De lasbaarheid van Cr13 martensitisch roestvast staal is over het algemeen slecht. Daarom worden voor martensitisch roestvast staal met een hoger koolstofgehalte, naast het gebruik van lasmaterialen die een vergelijkbare chemische samenstelling en mechanische eigenschappen hebben als het basismetaal, vaak lasmaterialen van het austenitische type gebruikt om de plasticiteit en taaiheid van de lasverbinding te verbeteren en het optreden van lasscheuren. Veelgebruikte laselektroden zijn te vinden in Tabel 5-22.

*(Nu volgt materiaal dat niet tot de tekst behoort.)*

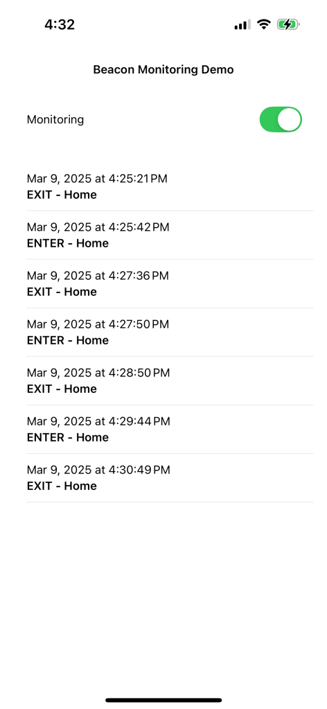 Anyway, this is the current state – side project (open source here) is an iOS app in SwiftUI that will automatically capture context using Bluetooth iBeacons with the goal of generating a log that can become contact engineer billing records. The idea:

Tabel 5-22: Selectie van lasmaterialen, voorverwarmen en warmtebehandeling na het lassen voor Martensitic roestvast staal

StaalsoortLaselektrodeLasdraadVoorverwarmingstemperatuur, interpass-temperatuur/°CWarmtebehandelingstemperatuur na het lassen/°C
Modelrangvaste kernfluxkern
1Crl32Crl3E410-16
E410-15
G202G207H1Cr13H2Cr13E410T250~300700~730 Het aanmaken
E308-16
E308-15
E316-16
E316-15
E310-16
E310-15
A102
A107
A202
A207
A402
A407
Geen warmtebehandeling nodig (voorverwarmen tot 200°C voor dikke en grote onderdelen)Geen warmtebehandeling nodig
1Crl7Ni2E130-16G302H0H24N13 200750~800Tempering
E430-15G307
E309-16A302Geen warmtebehandeling nodigGeen warmtebehandeling nodig
E309-15A307
E310-16A402
E310-15 A407

(4) De belangrijkste punten van het lasproces:

De belangrijkste punten voor het lassen van martensitisch roestvast staal zijn als volgt:

1) Voorverwarming en warmtebehandeling na het lassen:

De voorverwarmingstemperatuur ligt meestal tussen 100-350°C en neemt toe met het koolstofgehalte. Voor lasverbindingen met een hoog koolstofgehalte of een hoge terughoudendheid moeten vóór de warmtebehandeling de nodige warmtebehandelingsmaatregelen worden genomen om het optreden van waterstofscheuren te voorkomen. Bijvoorbeeld, bij het lassen van lage gelegeerd staal met austenitisch roestvast staal moeten de juiste lastechnieken worden toegepast. Raadpleeg Tabel 5-22 voor meer informatie.

2) Warmtebehandeling na het lassen:

Warmtebehandeling na het lassen voor martensitisch roestvast staal omvat ontlaten en gloeien. Om de laagste hardheid te bereiken, bijvoorbeeld voor machinale bewerking na het lassen, kan volledig gloeien worden toegepast met een gloeitemperatuur tussen 830-880 °C, 2 uur in de oven, gevolgd door afkoeling tot 595 °C en vervolgens afkoeling aan de lucht.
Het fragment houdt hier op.